Sem paciência
Há quem ache que o «novo-riquismo» se vê pela ostentação de bens materiais. Pelo contrário, penso que a sua principal marca é a falta de paciência. Os portugueses já não têm paciência e penso que isso é uma consequência do acumular de riqueza sem ser pelos méritos próprios. Claro que Portugal não é um país rico, mas teve uma progressão assinalável nesse sentido, em especial com a entrada na Comunidade Europeia. Há dois aspectos em particular que, apesar de positivos, ajudaram a criar uma ilusão ainda maior de facilidade e riqueza. Falo do aderir à moeda única, o euro, e da globalização. Para entrar na zona Euro, Portugal teve de passar a seguir algumas políticas económicas que lhe vieram trazer estabilidade. Uma consequência indirecta disso foi a expansão do crédito, que já antes tinha sido impulsionado pela entrada na UE e a transferência de fundos. Já a globalização, normalmente vista como o papão que nos vem tirar todos os postos de trabalho, tem como consequência imediata a disponibilização de uma grande variedade de bens e serviços a preços convidativos.
Ou seja, em poucas décadas Portugal passou de um país pobre e fechado para um onde quase tudo se encontra disponível e o crédito para obter o que se quer é relativamente fácil de alcançar. Os méritos dos portugueses nisto são relativamente reduzidos. Os portugueses continuam a ser pouco produtivos, para não dizer pouco profissionais, continuamos a não arriscar muito, as políticas públicas continuam sem ir às reformas de fundo. Estamos como a criança que rasga o embrulho de Natal e nem sequer vai ver o conteúdo porque já pegou noutro presente. É nesse sentido que digo que já não temos paciência. Não é a falta de paciência de alguém que dá um murro na mesa porque já não tem tempo a perder.
A nossa falta de paciência deriva da ausência de objectivos. Substituímos os objectivos por uma sucessão ininterrupta de desejos mais ou menos fúteis. Claro que um objectivo pode derivar de um grande desejo. Mas um objectivo é a meta de um plano de longo prazo que implica esforço, dedicação e paciência. Quando há uma miríade de desejos fáceis de atingir, todos os projectos mais ambiciosos ficam postos de parte. Pode-se argumentar que as sociedades evoluem e por vezes algumas virtudes, como a paciência e o espírito de sacrifício, deixam de ser úteis. Sofrem todas as actividades que não dêem recompensas imediatas, nas quais se podem incluir todas as artes. Existe uma crise em quase os sectores que exigem uma aprendizagem de alguns anos, muitas vezes sem resultados à vista. Sofrem implacavelmente com a concorrência de outras actividades de “consumo rápido”.

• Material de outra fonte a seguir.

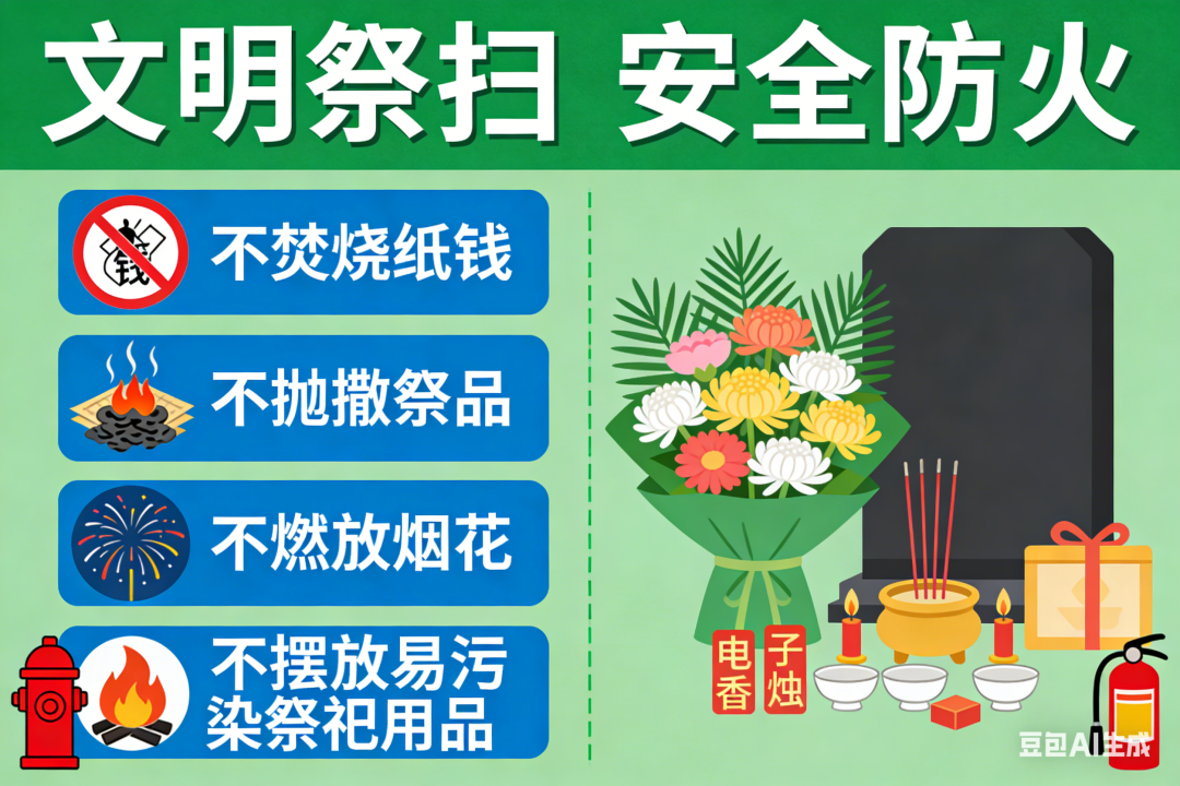 严格遵守森林草原防火和消防安全法规,自觉做到不在林地、草场、街道、绿地、广场、景区等公共区域焚烧纸钱、抛撒祭品、燃放烟花等,不摆放易污染、难降解的祭祀用品,坚决防范各类火灾事故发生。合理安排行程,遵守交通法规,文明出行,保障人身和财产安全,共同维护安全有序的祭扫环境。

Ao longo dos séculos a humanidade viu morrer inúmeras tradições, costumes, ofícios. Foram sendo substituídos por outros de forma mais ou menos natural, em regimes totalitários muitas vezes de forma violenta. Uma certa nostalgia do passado leva a não ver algumas vantagens que um futuro diferente pode trazer. Contudo, parece-me que o grau de evolução da humanidade está ainda muito longe de dispensar virtudes como a paciência, o esforço e o espírito de sacrifício, se é que alguma vez poderá sobreviver sem elas. Pior que isso, os portugueses perderam estas virtudes na altura em que vão precisar mais delas. O crédito permite obter produtos no imediato mas implica que depois se saldem as dívidas, por vezes durante décadas. Mas o mais grave de tudo será a escravidão a que estamos a condenar as próximas gerações. Por um lado, os jovens são educados para fugir ao esforço, às dificuldades. Mas ao mesmo tempo já terão de suportar os encargos das pensões dos mais velhos, das obras públicas megalómanas, dos défices constantes. A paciência voltará a ser uma característica dos portugueses, infelizmente como uma consequência da resignação ao estado de indigência.